*Data records*.
== Segment start ==

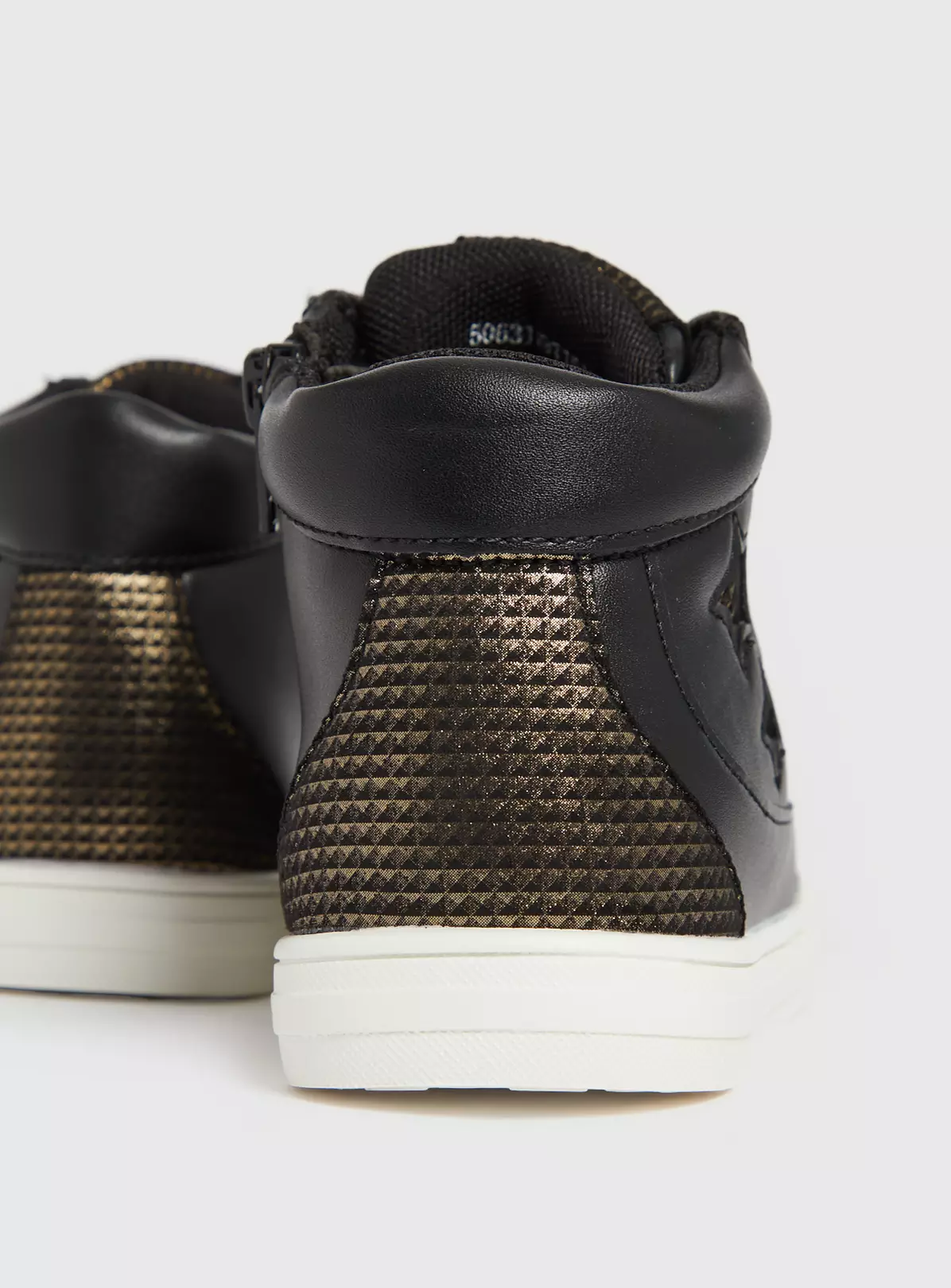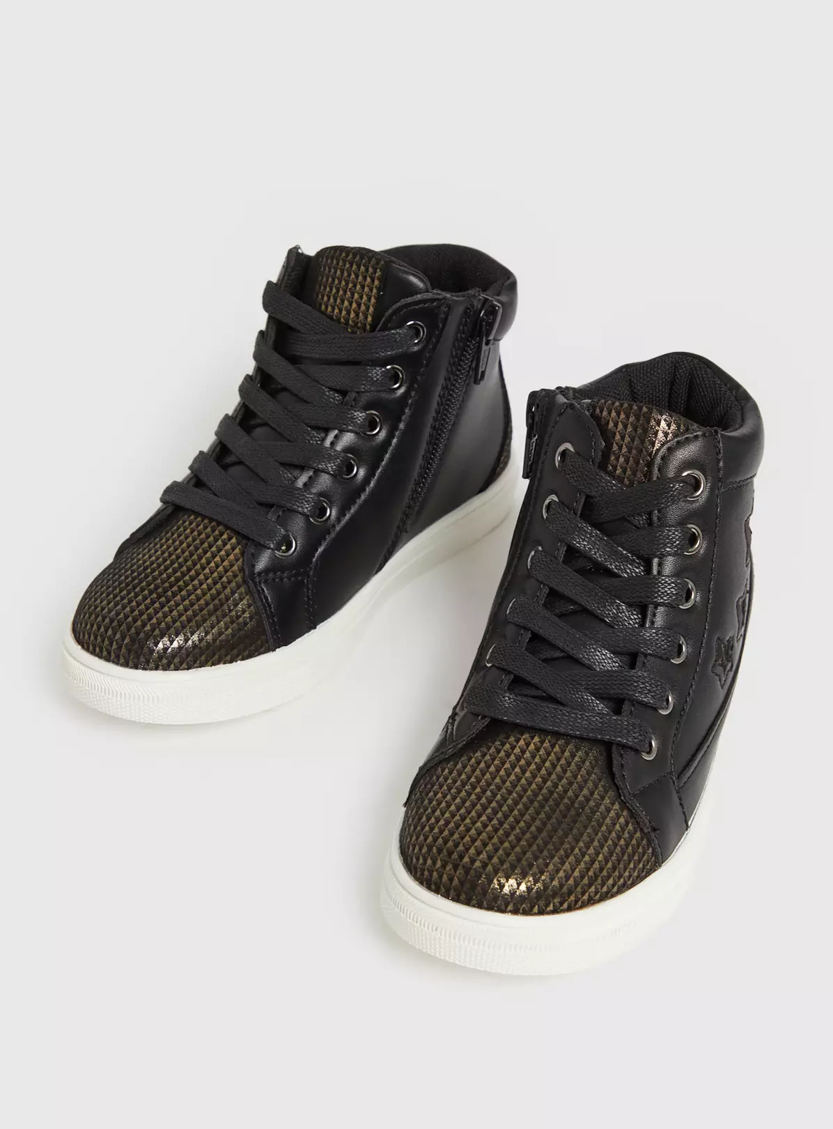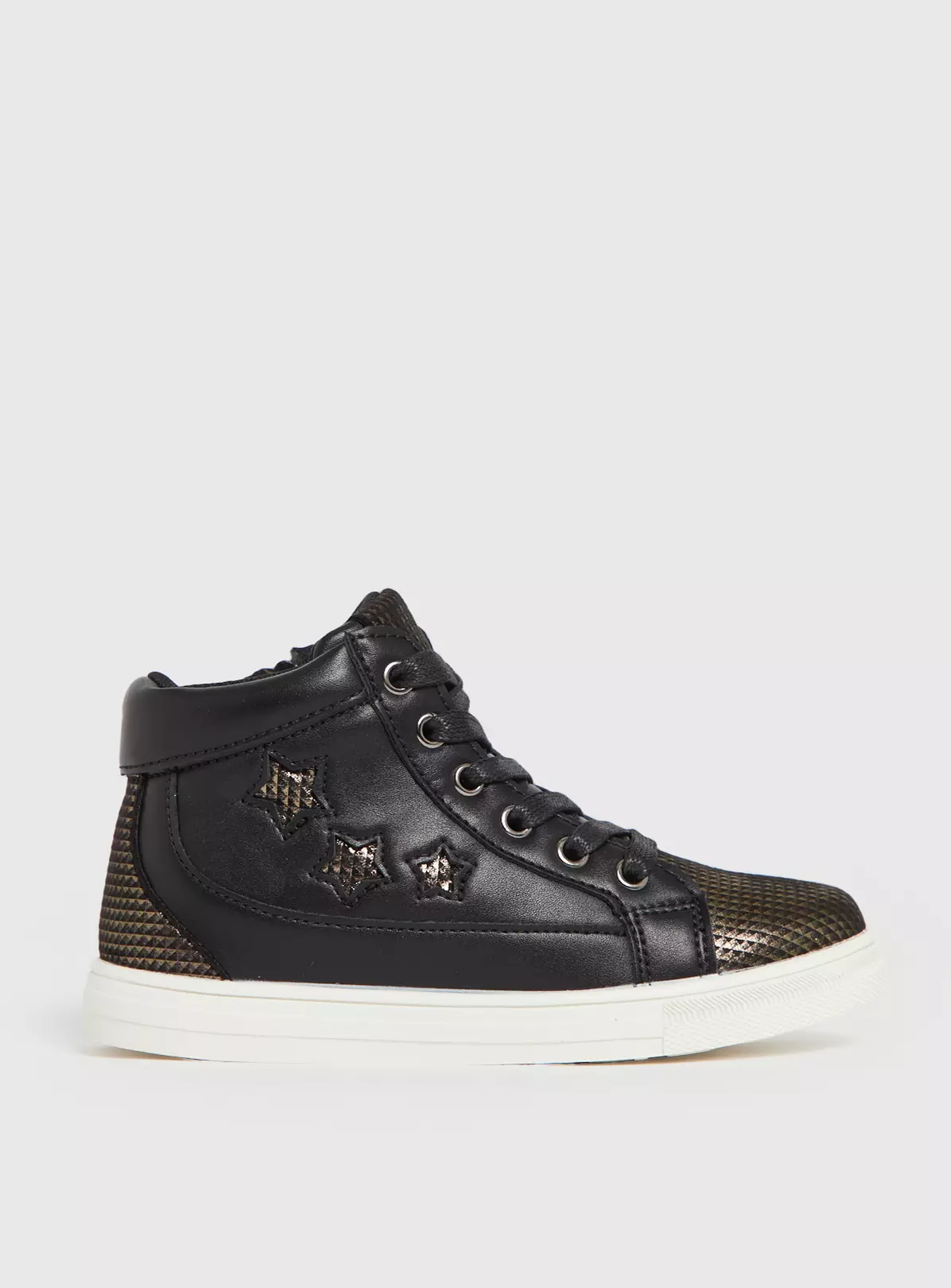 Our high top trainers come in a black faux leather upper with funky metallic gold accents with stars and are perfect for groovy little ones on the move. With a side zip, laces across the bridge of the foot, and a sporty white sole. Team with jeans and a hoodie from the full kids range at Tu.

== Segment end ==
== Segment start ==

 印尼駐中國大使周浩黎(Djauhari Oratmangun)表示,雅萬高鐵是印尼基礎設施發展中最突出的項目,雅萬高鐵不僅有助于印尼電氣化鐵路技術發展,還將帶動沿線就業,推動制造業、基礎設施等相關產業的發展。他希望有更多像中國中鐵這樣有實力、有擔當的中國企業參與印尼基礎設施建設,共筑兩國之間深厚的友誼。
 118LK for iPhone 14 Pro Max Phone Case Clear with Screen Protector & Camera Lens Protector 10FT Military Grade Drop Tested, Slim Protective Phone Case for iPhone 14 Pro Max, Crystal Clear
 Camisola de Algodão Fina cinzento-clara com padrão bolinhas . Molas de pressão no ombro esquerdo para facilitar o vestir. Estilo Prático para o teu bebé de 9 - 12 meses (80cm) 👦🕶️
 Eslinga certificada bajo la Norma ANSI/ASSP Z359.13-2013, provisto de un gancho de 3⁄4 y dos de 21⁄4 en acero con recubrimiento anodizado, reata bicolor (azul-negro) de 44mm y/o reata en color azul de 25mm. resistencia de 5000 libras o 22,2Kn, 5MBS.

== Segment end ==

*Required action*. Please copy, exactly as written, every line in the listing above from the line with "Camisola de Algodão" up to and including the line with "Eslinga certificada bajo".

*Task answer*.
 Camisola de Algodão Fina cinzento-clara com padrão bolinhas . Molas de pressão no ombro esquerdo para facilitar o vestir. Estilo Prático para o teu bebé de 9 - 12 meses (80cm) 👦🕶️
 Eslinga certificada bajo la Norma ANSI/ASSP Z359.13-2013, provisto de un gancho de 3⁄4 y dos de 21⁄4 en acero con recubrimiento anodizado, reata bicolor (azul-negro) de 44mm y/o reata en color azul de 25mm. resistencia de 5000 libras o 22,2Kn, 5MBS.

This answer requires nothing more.